▶ **Task statement**: Return a faithful copy of all the entries, omitting the images.

▶ **The input**:
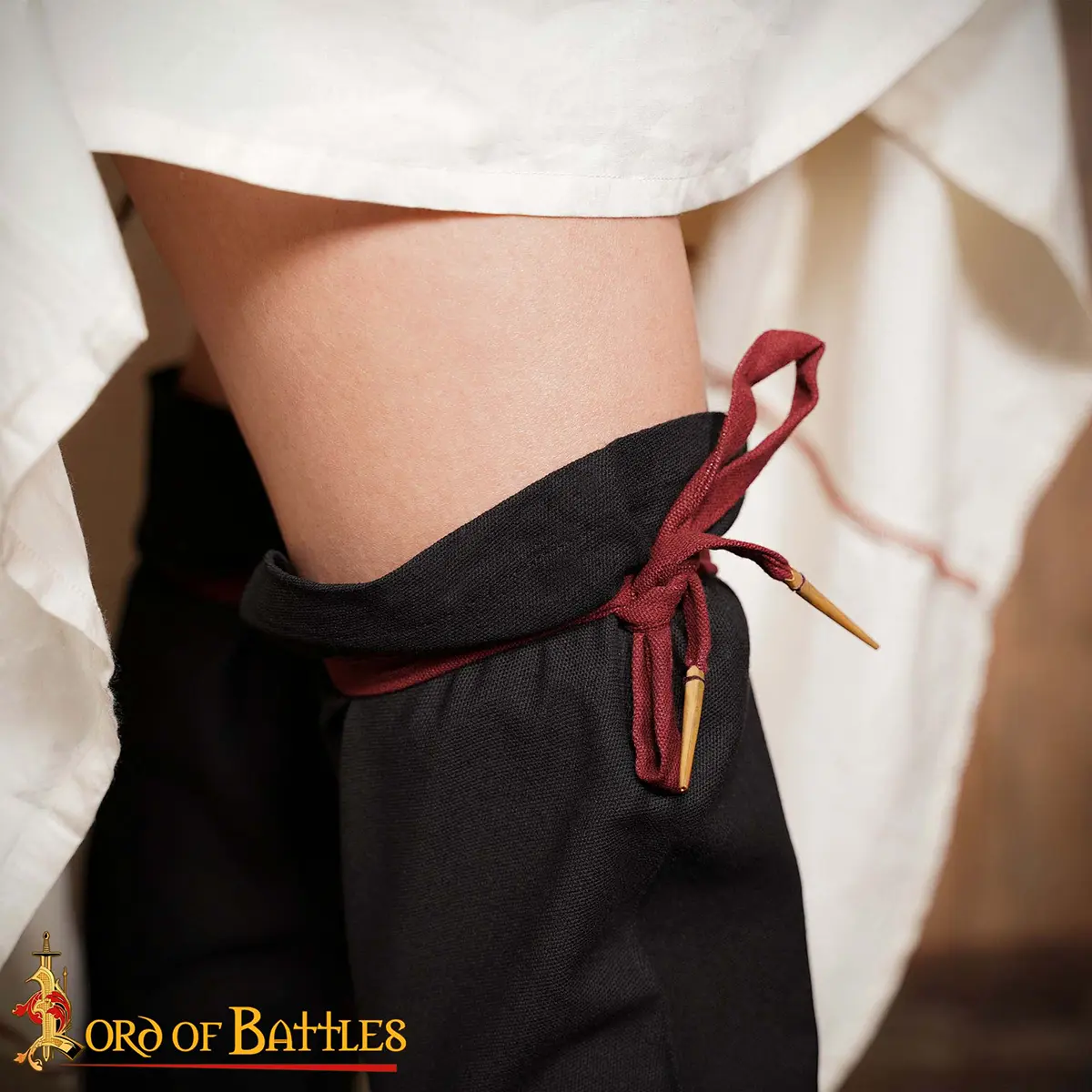 Imagine attending a medieval fair, clad in your finest gown, the rich fabrics swirling around you as you stroll through the marketplace. Your feet, snug in your shoes, are free from discomfort, thanks to our thoughtfully designed hoses. Their sturdy canvas construction protects your legs from the rough interiors of your footwear, adding comfort during long hours of wearing shoes. Additionally, the lovely lacing found above the calf not only adds a touch of elegance but also ensures that your hoses stay securely in place as you move.
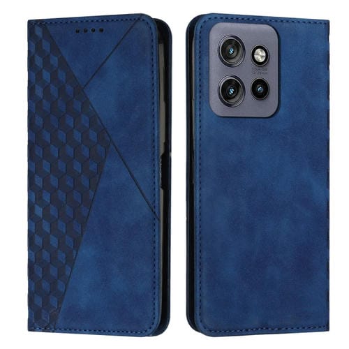 Funda de Cuero Magnética Motorola Edge 50 Neo con Diseño de Diamante y Tacto de Piel (Azul)
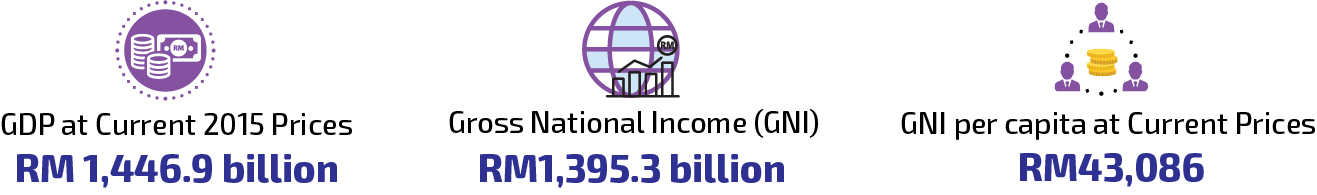 In 2018, Malaysia’s economy reached a new height of RM1.45 trillion at current prices after rebasing exercise. Consequently, Gross National Income (GNI) per capita registered RM43,086 in 2018, approximately USD10,043. Eleventh Malaysia Plan expected GNI per capita to reach RM47,720 by 2020.
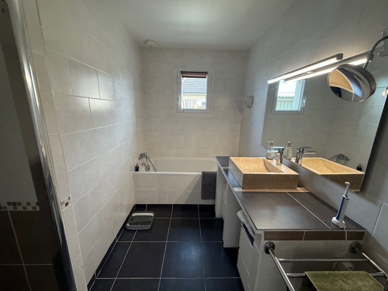 À l’étage, un palier distribue deux chambres supplémentaires et une salle d’eau avec WC, offrant un espace nuit parfaitement adapté à une famille.
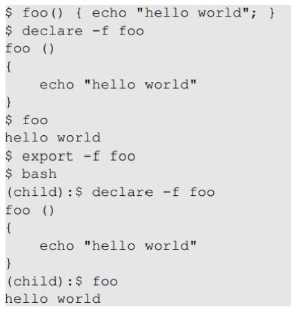 child shell을 실행하면, child shell은 이를 함수 정의로 전환한다.

▶ **The completed task**:
 Imagine attending a medieval fair, clad in your finest gown, the rich fabrics swirling around you as you stroll through the marketplace. Your feet, snug in your shoes, are free from discomfort, thanks to our thoughtfully designed hoses. Their sturdy canvas construction protects your legs from the rough interiors of your footwear, adding comfort during long hours of wearing shoes. Additionally, the lovely lacing found above the calf not only adds a touch of elegance but also ensures that your hoses stay securely in place as you move.
 Funda de Cuero Magnética Motorola Edge 50 Neo con Diseño de Diamante y Tacto de Piel (Azul)
 In 2018, Malaysia’s economy reached a new height of RM1.45 trillion at current prices after rebasing exercise. Consequently, Gross National Income (GNI) per capita registered RM43,086 in 2018, approximately USD10,043. Eleventh Malaysia Plan expected GNI per capita to reach RM47,720 by 2020.
 À l’étage, un palier distribue deux chambres supplémentaires et une salle d’eau avec WC, offrant un espace nuit parfaitement adapté à une famille.
 child shell을 실행하면, child shell은 이를 함수 정의로 전환한다.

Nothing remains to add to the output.